As AIs get smarter, clever techniques to improve their capabilities futher via 'self improvement' will continue to work better and better, but I don't think this clearly will end up being where you spend most of the flops (it's certainly possible, but I don't see a particular reason to expect this - it could go either way).

I agree that 'RL on thoughts' might prove important, but we already have shitty versions today. Current SOTA is probably like 'process based feedback' + 'some outcomes' + 'amplification' + 'etc'. Noteably this is how humans do things: we reflect on which cognitive strategies and thoughts were good and then try to do more of that. 'thoughts' isn't really doing that much work here - this is just standard stuff. I expect continued progress on these techniques and that techiques will work better and better for smarter models. But I don't expect massive sharp left turn advancements for the reasons given above.

Here’s my takeaway:

There are mechanistic reasons for humanity’s “Sharp Left Turn” with respect to evolution. Humans were bottlenecked by knowledge transfer between new generations, and the cultural revolution allowed us to share our lifetime learnings with the next generation instead of waiting on the slow process of natural selection.

Current AI development is not bottlenecked in the same way and, therefore, is highly unlikely to get a sharp left turn for the same reason. Ultimately, evolution analogies can lead to bad unconscious assumptions with no rigorous mechanistic understanding. Instead of using evolution to argue for a Sharp Left Turn, we should instead look for arguments that are mechanistically specific to current AI development because we are much less likely to make confused mistakes that unconsciously rely on human evolution assumptions.

AI may still suffer from a fast takeoff (through AI driving capabilities research or iteratively refining it's training data), but for AI-specific reasons so we should be paying attention to that kind of fast takeoff might happen and how to deal with it.

Edited after Quintin's response.

In order to experience a sharp left turn that arose due to the same mechanistic reasons as the sharp left turn of human evolution, an AI developer would have to:
Deliberately create a (very obvious) inner optimizer, whose inner loss function includes no mention of human values / objectives.
Grant that inner optimizer ~billions of times greater optimization power than the outer optimizer.
Let the inner optimizer run freely without any supervision, limits or interventions from the outer optimizer.

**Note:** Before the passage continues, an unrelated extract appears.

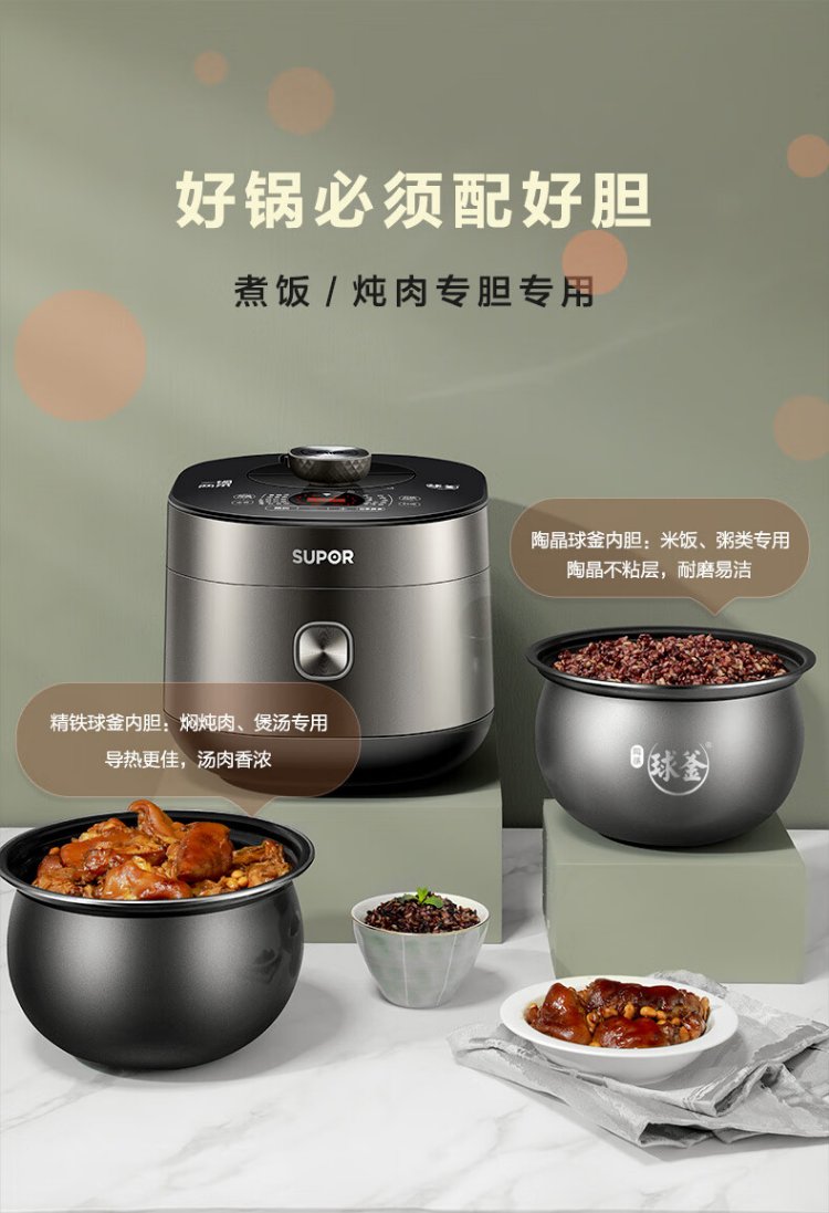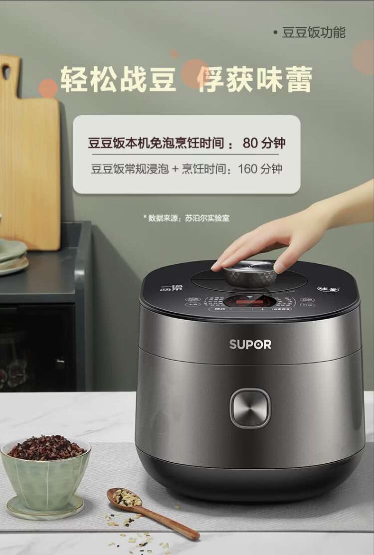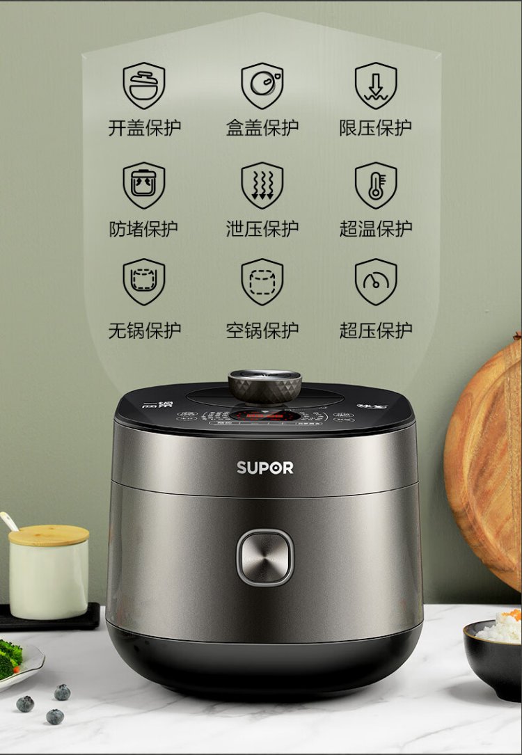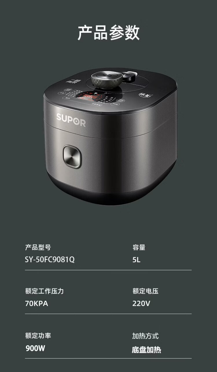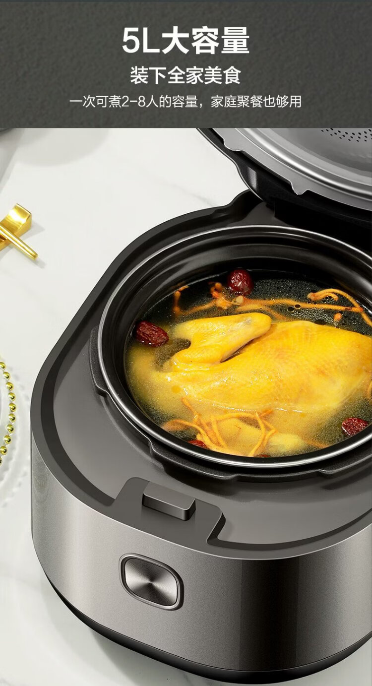 SUPOR fully automatic intelligent reservation electric pressure cooker 5L household steamer upper steaming lower boiling ball kettle double bladder 50FC9081Q rice cooker pressure cooker 4-6 people

I’ll bite! I think this happens if we jump up a level from “an AI developer” to “the world”:

Lots of different people and companies deliberately create a (very obvious) inner optimizer (i.e. a fresh new ML training run), whose inner loss function includes no mention of human values / objectives (at least sometimes—e.g. self-supervised learning, or safety-unconcerned people might try capabilities-oriented RL reward functions to try to beat a benchmark or just to see what happens etc.).
An outer optimizer exists here—the people doing the best on benchmarks will get their approaches copied, get more funding, etc. But the outer optimizer has billions of times less optimization power than the inner optimizer.
At least some of these people and companies (especially the safety-unconcerned ones) let the inner optimizer run freely without any supervision, limits, or interventions (OK sure, probably somebody is watching the loss function go down during training, but presumably it’s not uncommon to wait until a training run is “complete” before doing a rigorous battery of safety tests).

Some possible cruxes here are: (1) do these safety-unconcerned people (or safety-concerned-in-principle-but-failing-to-take-necessary-actions people) exist & hold influence, and if so will that continue to be true when AI x-risk is on the table? (I say yes—e.g. Yann LeCun thinks AI x-risk is dumb.) (2) Is it plausible that one group’s training run will have importantly new and different capabilities from the best relevant previous one? (I say yes—consider grokking, or algorithmic improvements, or autonomous learning per my other comment.)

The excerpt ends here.